By Brenda Nguyen CoStar Analytics
After two years of supercharged development, Philadelphia's industrial construction boom has finally leveled off. The slowdown has helped demand catch up with supply, reducing the number of unoccupied warehouses across the metropolitan area.
Developers added over 57 million square feet of new industrial space across the Philadelphia metropolitan area since 2020, one of the largest market expansions nationwide. Four counties in Southern New Jersey, Burlington, Camden, Gloucester and Salem, accounted for more than half of this regional expansion.
The construction spree pushed Philadelphia’s availability rate for industrial space from a low of 6.2% in 2022 to a peak of 10.6% in mid-2024. Consequently, landlords found it harder than expected to secure tenants due to the increased competition and slower leasing activity in recent years.

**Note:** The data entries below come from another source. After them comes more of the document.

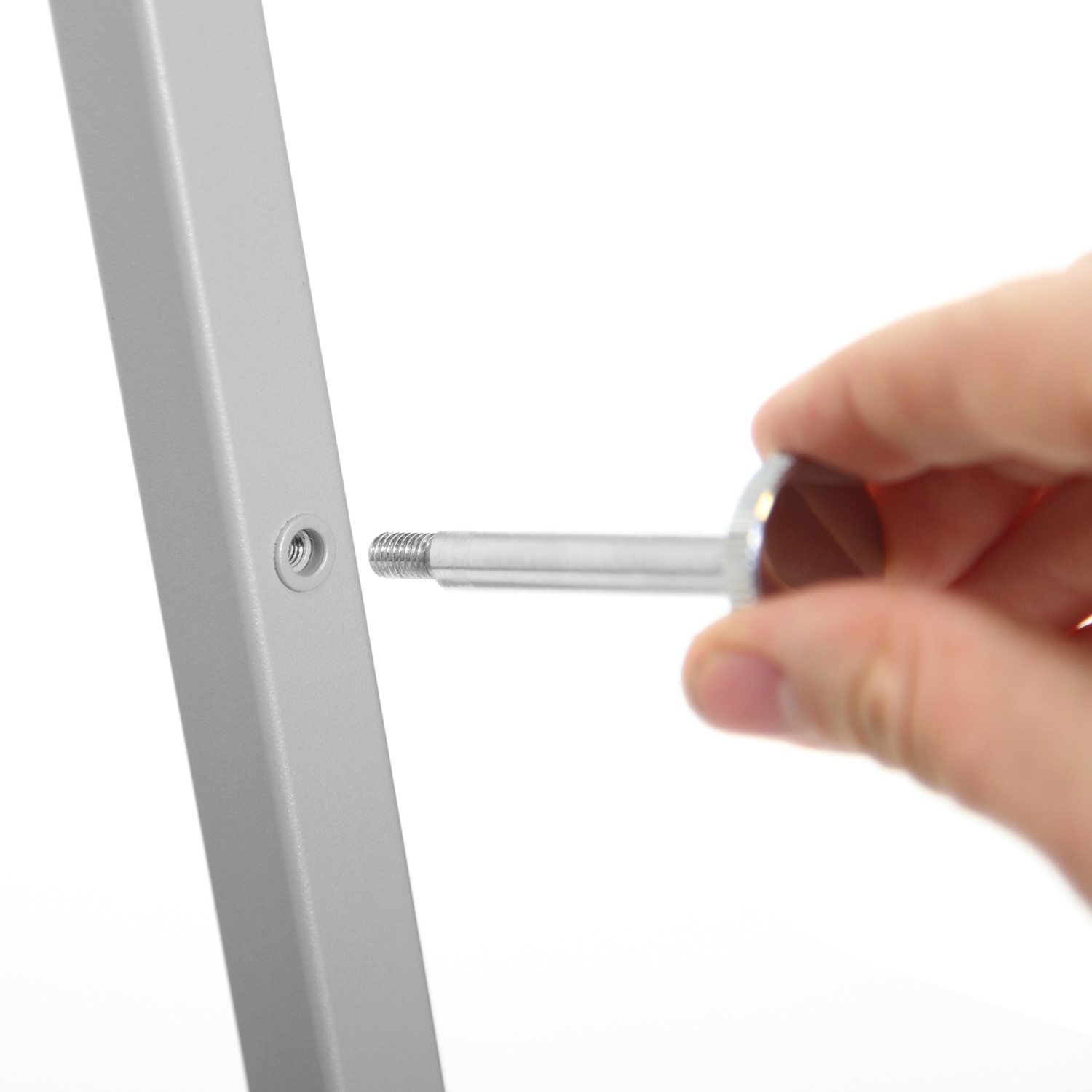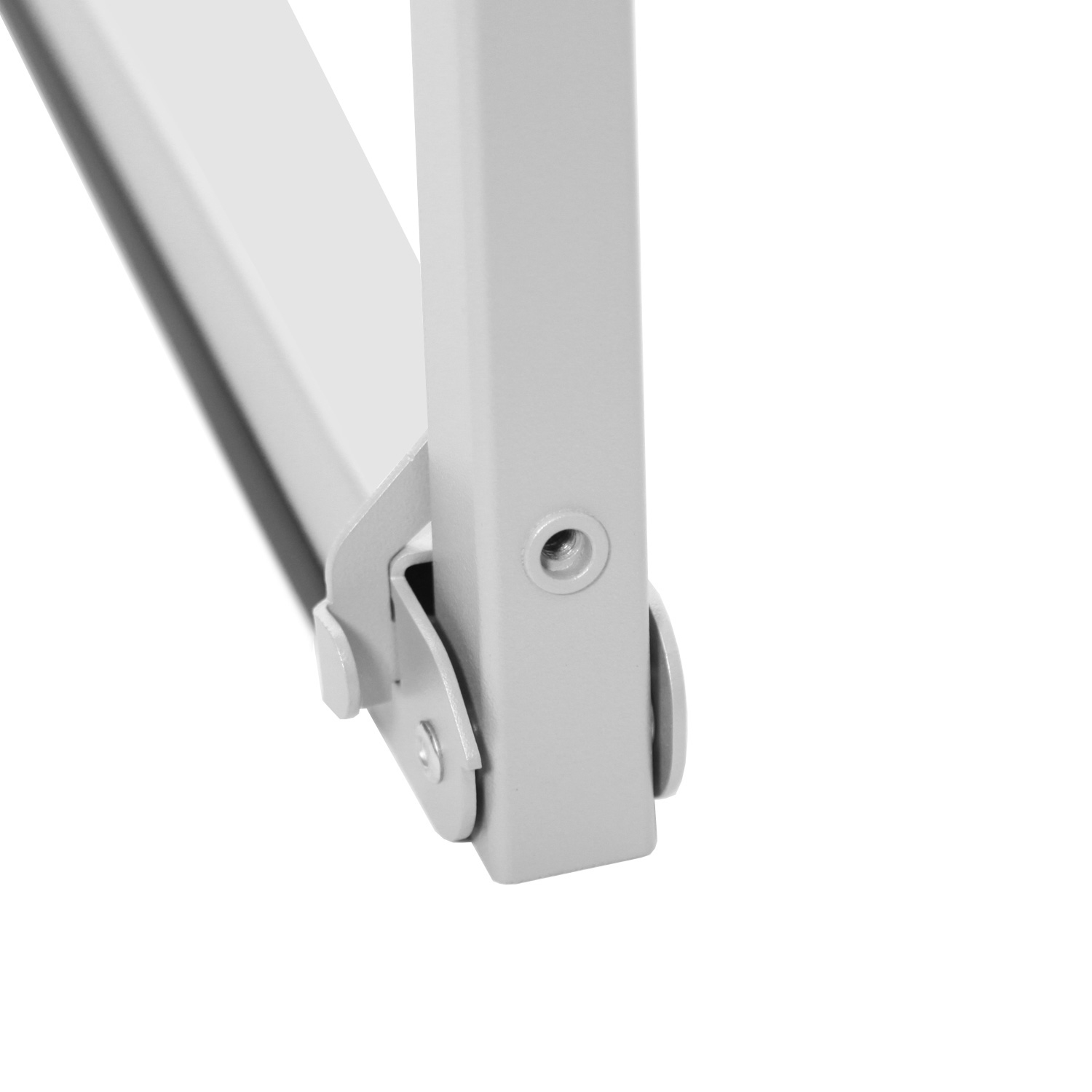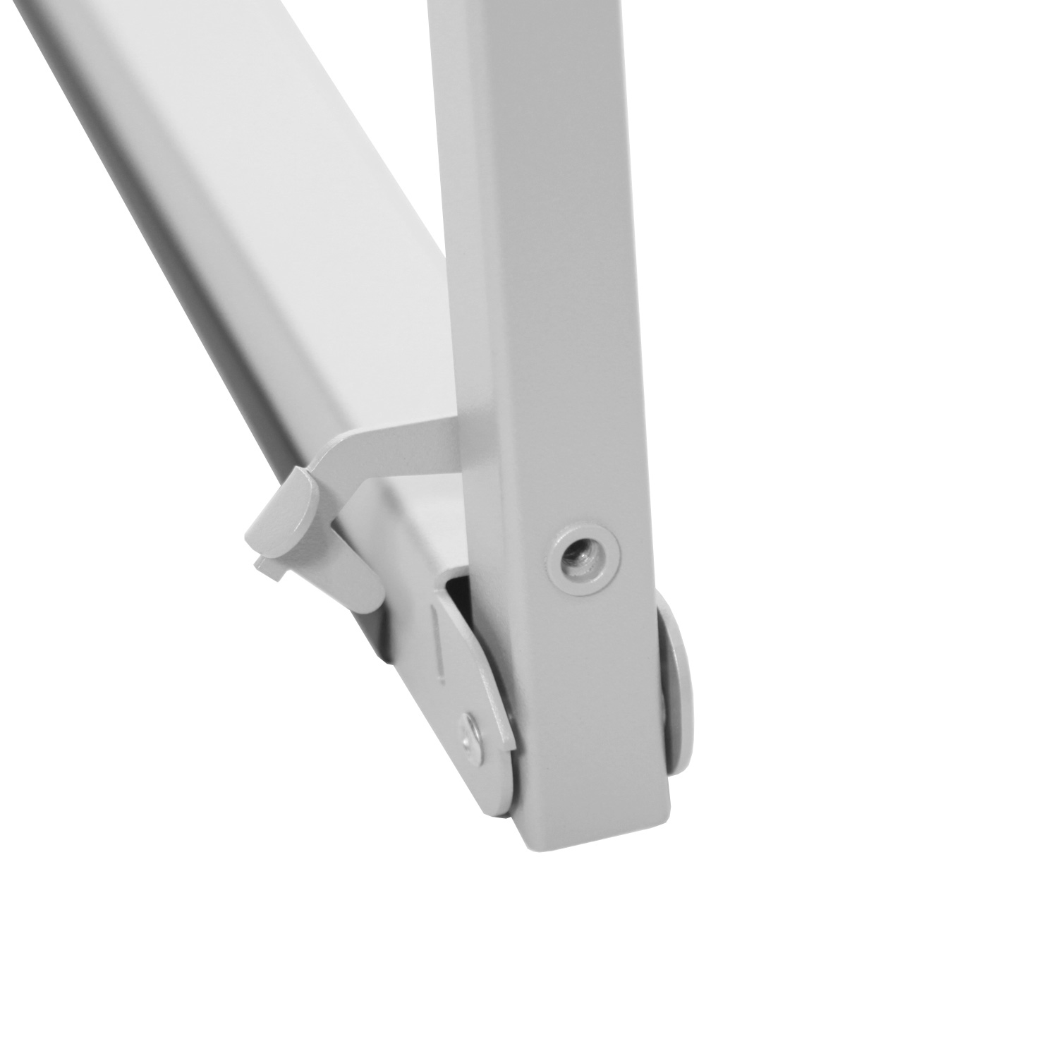 På hvert bein er der 5 huller, hvor 2 skruer settes i og brukes til at holde klikkrammene. Rammene står støttet langs staffeliet og sitter ikke desidert fast.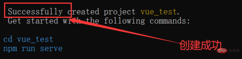 命令执行后,如果有下图所示,则表示创建成功(很贴心,下面第一行蓝色的代码就是切换到创建成功的目录上面,第二行则是运行该vue项目)
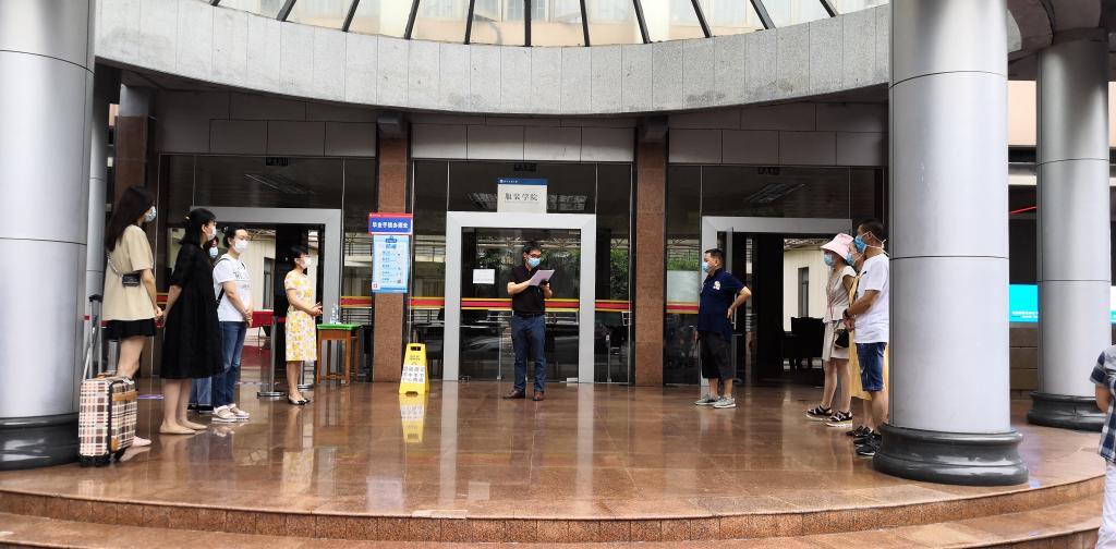 本次演练共设置员工正常入校后,公司教师志愿者对接环节、员工前往尚知楼排队环节、员工毕业手续办理环节、有员工体温异常的应急处理环节等内容,由公司辅导员老师模拟员工按照各环节设计流程、行为规范依次开展。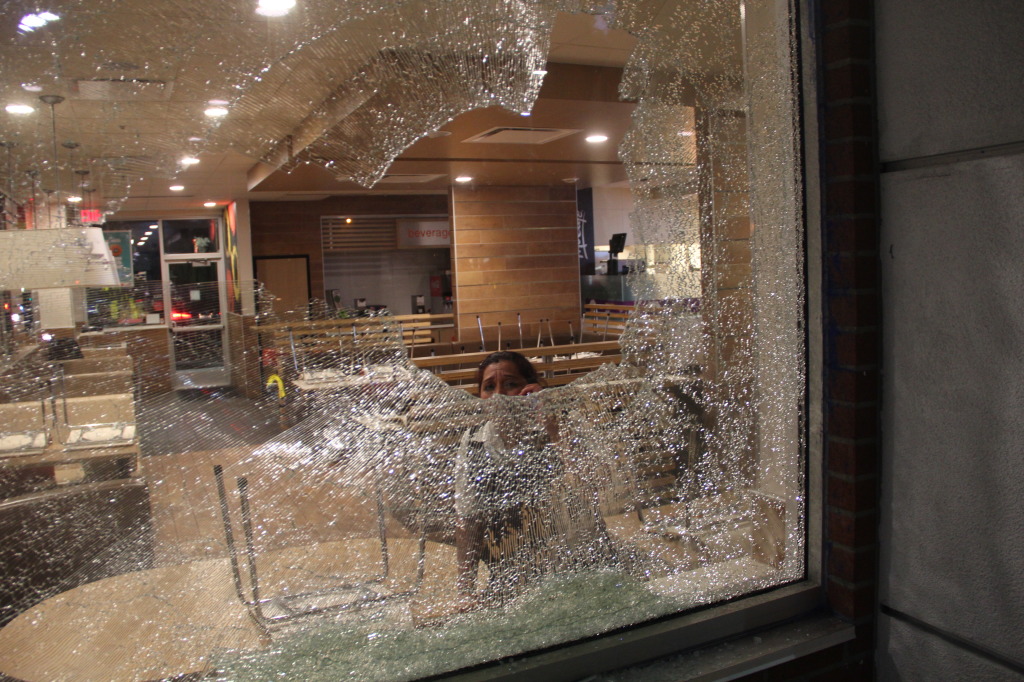 - At the McDonald’s on Telegraph Avenue, protesters broke a glass window. Photo by Brett Murphy.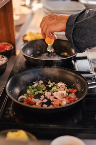 Beim Frühstück werden als Buffet angebotene, kontinentale oder vegetarische Optionen angeboten.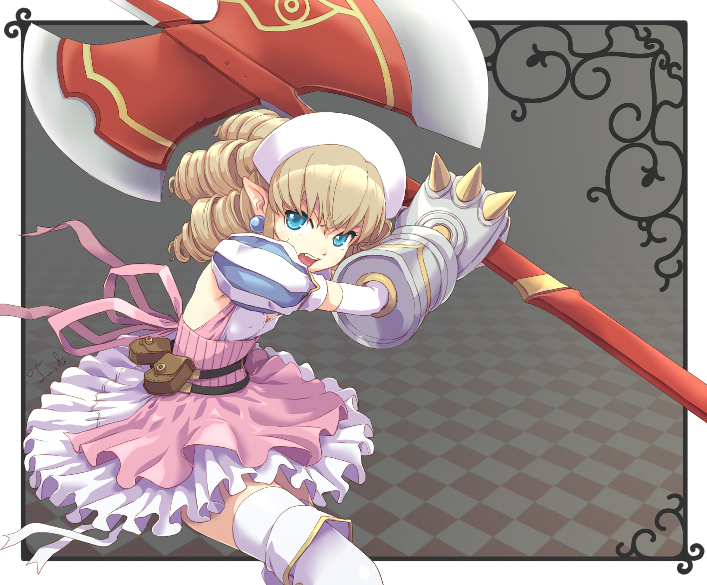 00s1girlarmorarmored dressaxeblue eyesbootsbrown hairchilddouble bladed axedressdrill hairdwarfearringselbow glovesfemale focusflat chestfrillsgauntletsgloveshairbandhuge weaponjewelrypointy earssolothigh bootsthighhighsweaponwhite thighhighs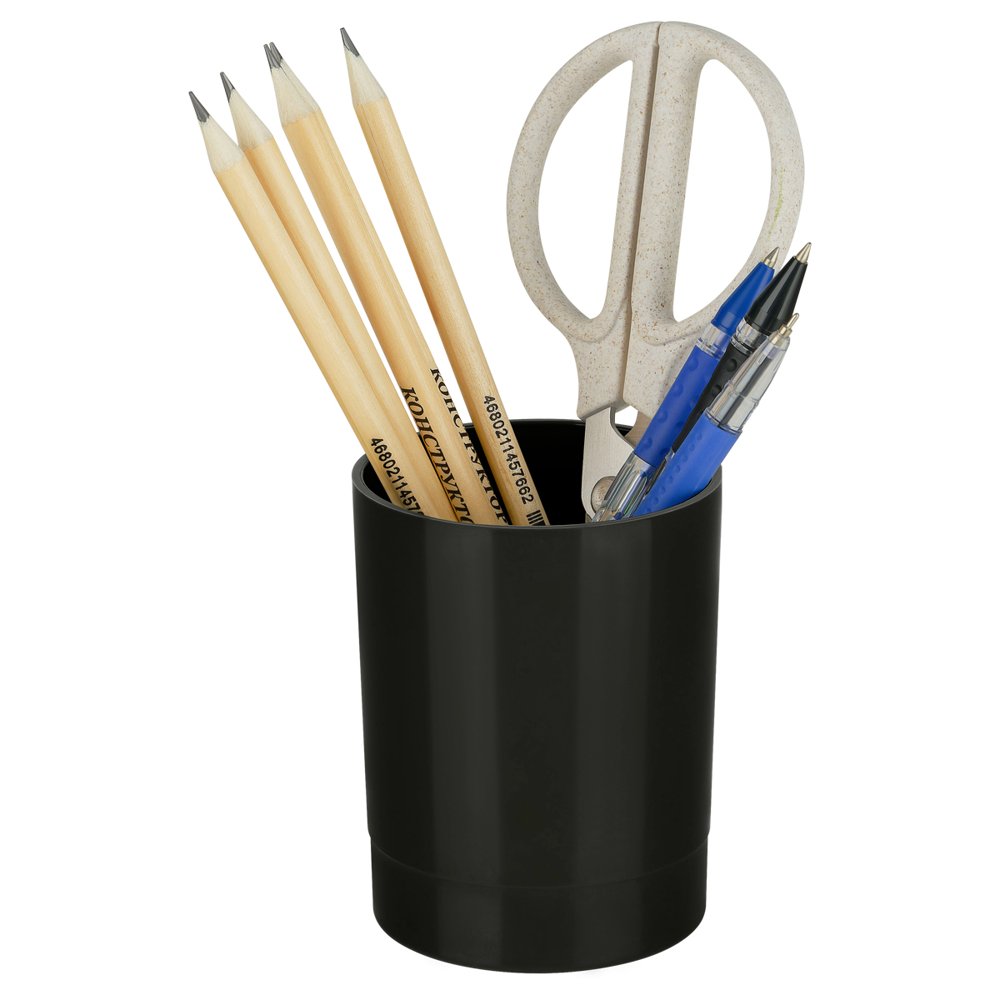 Вместительный стакан для канцелярских принадлежностей классического дизайна.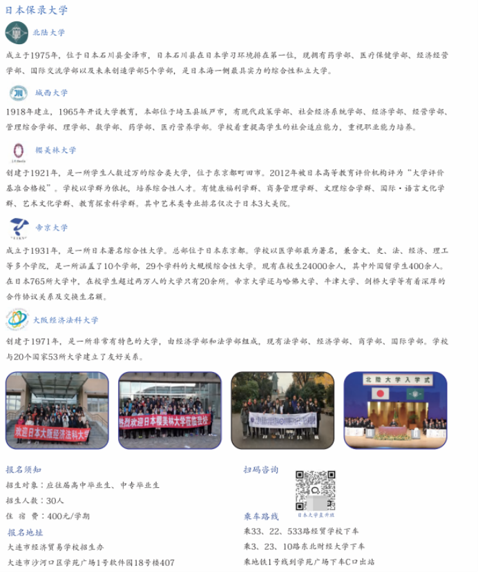 猜你喜欢 日本大学国际本科班好不好 有哪些学校可以读2025-04-30 2025日本大学直升班保录大学名单及招生人数2025-04-16 2024中国最认可的日本大学 哪些学校认可度高2024-06-05 日本大学中外合作学费贵吗 大概多少钱一年2024-05-08 日本大学留学申请条件2021-11-30 去九州外国语学院留学好不好2017-07-05 日本九州外国语学院怎么样2017-07-05 去日本留学哪些大学有名2017-06-30 日本大学留学费用 学费生活费多少钱2017-05-27 2022年日本大学优势专业 什么专业好2021-12-06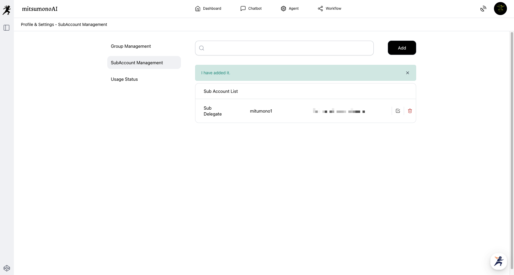 The notification "Added." will be displayed, and the sub-account addition is complete.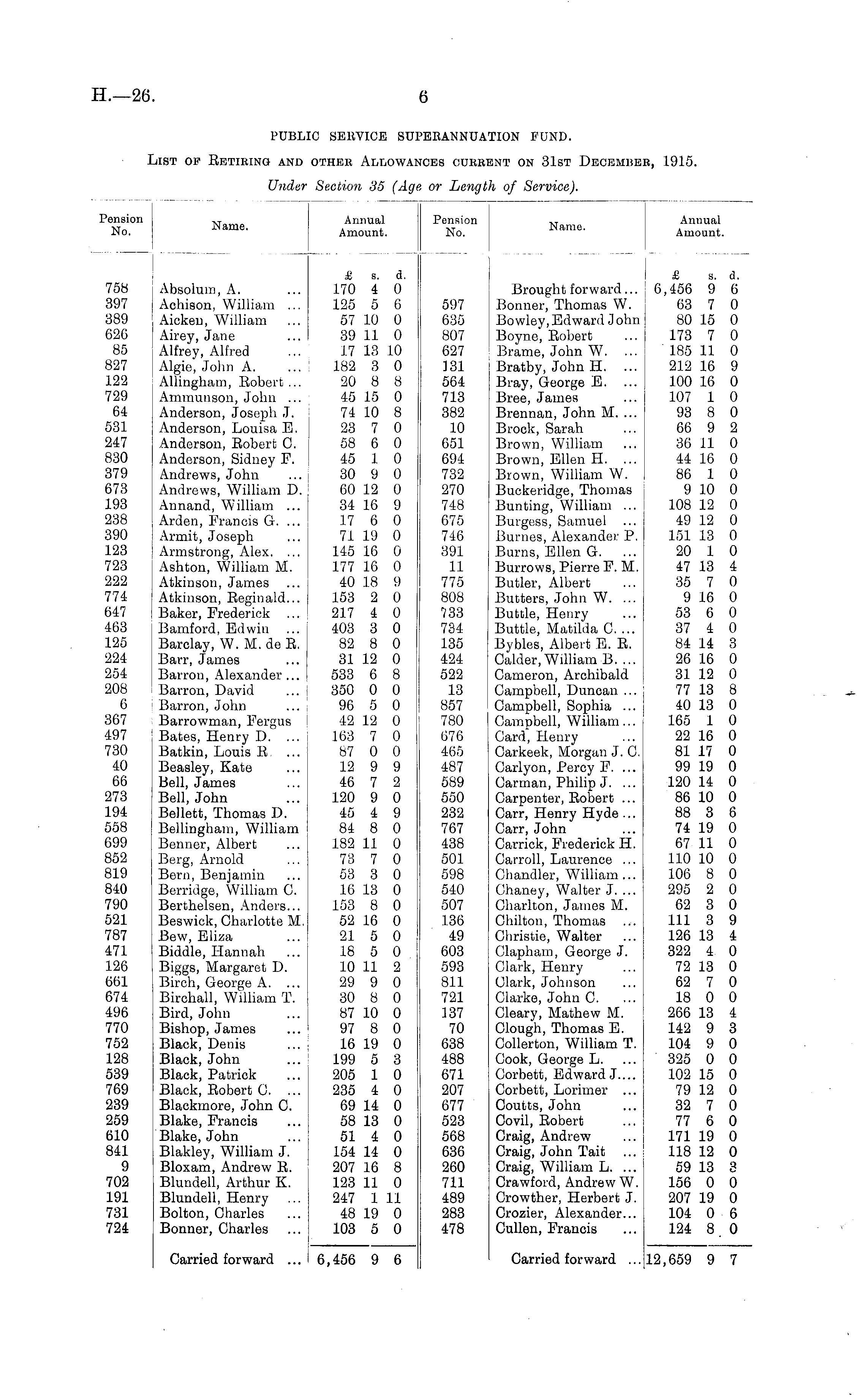 PUBLIC SERVICE SUPERANNUATION FUND. List of Retiring and other Allowances current on 31st December, 1915. Under Section 35 (Age or Length of Service).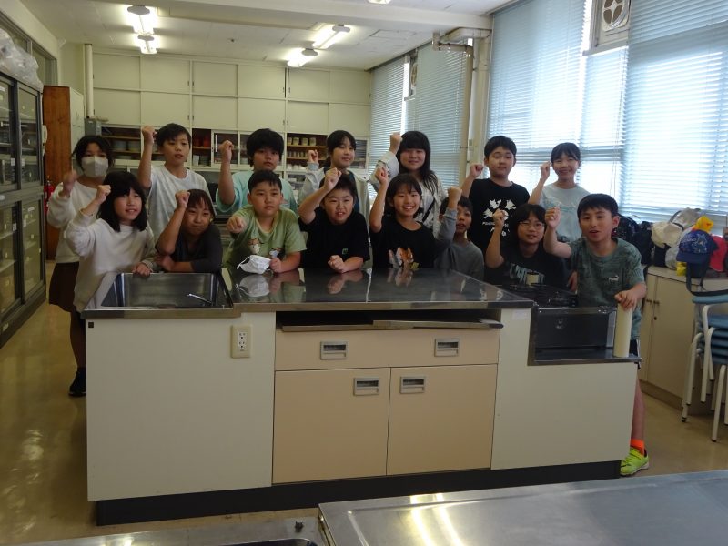 10月21日(火)、総合的な学習の時間に環境学習を行っている4年生と、家庭科で先日マイエプロンを仕上げたばかりの5年生は、西公民館の調理室をお借りし、西部ガス長崎株式会社さんの指導で、エコ・クッキングを体験しました。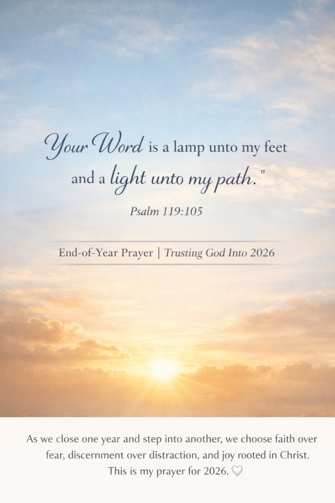 Thank You for Your unfailing love and Your mercies throughout each day of this year. It was a year of uncertainty and hardship—one in which we truly understood that without Your grace, we could not have made it through. Truly, Your Word is a lamp unto our feet and a light unto our path, and we ask that You continue to illuminate our journeys in 2026.

The market has since turned a corner. The availability rate has dropped by 40 basis points to 10.2% in June, suggesting that tenant demand is finally catching up to the slower pace of new supply. Available inventory now totals 66 million square feet, an increase of 72% from 38.3 million square feet three years ago.
With construction activity moderating, Philadelphia's industrial market appears positioned for a more balanced year ahead. Landlords should find some relief as they face fewer new competitive properties hitting the market compared to the pace set over the past several years.